Labour attacks ‘dysfunctional’ Fine Gael coalition at party launch
Election campaign launch: Howlin says his party will ‘end the waste of public money’
Jack O Connor, Alan Kelly and Brendan Howlin. Photograph: Gareth Chaney/Collins.
Labour has launched a scathing attack on its former coalition partner Fine Gael, accusing the party of running a “dysfunctional, wasteful” Government.
Formally launching Labour’s election campaign in Dublin, party leader Brendan Howlin said the Government was “shiny on the outside but hollow in the middle”.
He claimed Fine Gael’s legacy in office was “almost as toxic” as Fianna Fail’s. and said Taoiseach Leo Varadkar inherited a “recovered economy”, said but Fine Gael’s legacy was one of “waste of resources and waste of opportunities”.
Mr Howlin also said his party did better than what appeared in opinion polls following the party’s drop of 1 per cent in the Ipsos/MRBI poll in The Irish Times.
He said a national opinion poll did not reflect their capacity to win seats and was confident they would win “double digits” in seats.
The Labour leader pledged to “end the waste of public money, build homes and fix health”.
Mr Howlin also launched a number of the party’s 31 Dáil candidates including Mayo candidate Karim Uddin, Cllr Duncan Smith in Dublin Finglas, Cllr Juliet O’Connell in Dun Laoghaire and former TDs Cllr Joe Costello Dublin Central, Senator Kevin Humphreys Dublin Bay South and Emmet Stagg Kildare North.
‘Fix the basics’
In his attack on Fine Gael, which echoes that of a number of parties, he said the Government had allowed bogus self employment to thrive losing €250 million a year in social insurance contributions.
Its reliance on rent subsidies would cost the taxpayer over €700 million this year that went “into the pockets of landlords because they refused to build local authority houses”.
Almost €1 million a day went on agency staff for the HSE because of a recruitment embargo. The cost of the national children’s hospital had risen from €800 million to €1.73 billion and was still rising.
He also hit out at Fine Gael spending €7 million of public money on “glossy advertisements to raise their own profile in reference to the Government’s launch of the Project Ireland 2040 and the development of the controversial strategic communications unit.
Mr Howlin said figures showed the Taoiseach spent €1.8 million on PR and advertising in his first 18 months in office compared to €16,000 by then taoiseach Enda Kenny in the previous 18 months. The Government defended this spending at the time, saying the higher figure included a number of public information campaigns.

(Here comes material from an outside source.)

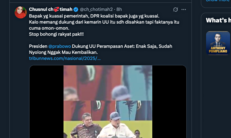 "Bapak yang kuasai pemerintah, DPR koalisi bapak juga yang kuasai. Kalo memang dukung dari kemarin UU itu sdh disahkan tapi faktanya itu cuma omon-omon," kritik Chusnul, dilansir X @ch_chotimah2 (1/5).

Mr Howlin said Ireland needed a Government with ideas, and Labour believed in public service.
He said “we want to fix the basics” and he insisted he would keep the State pension age at 66.
Labour’s health spokesman Alan Kelly said the cost of agency staffing for the HSE was destroying the health service.
Mr Kelly also hit out at Fianna Fáil accusing them of “practising the privatisation of health care” through the National Treatment Purchase Fund, spending €200 million a year that would cost €1 billion over five years.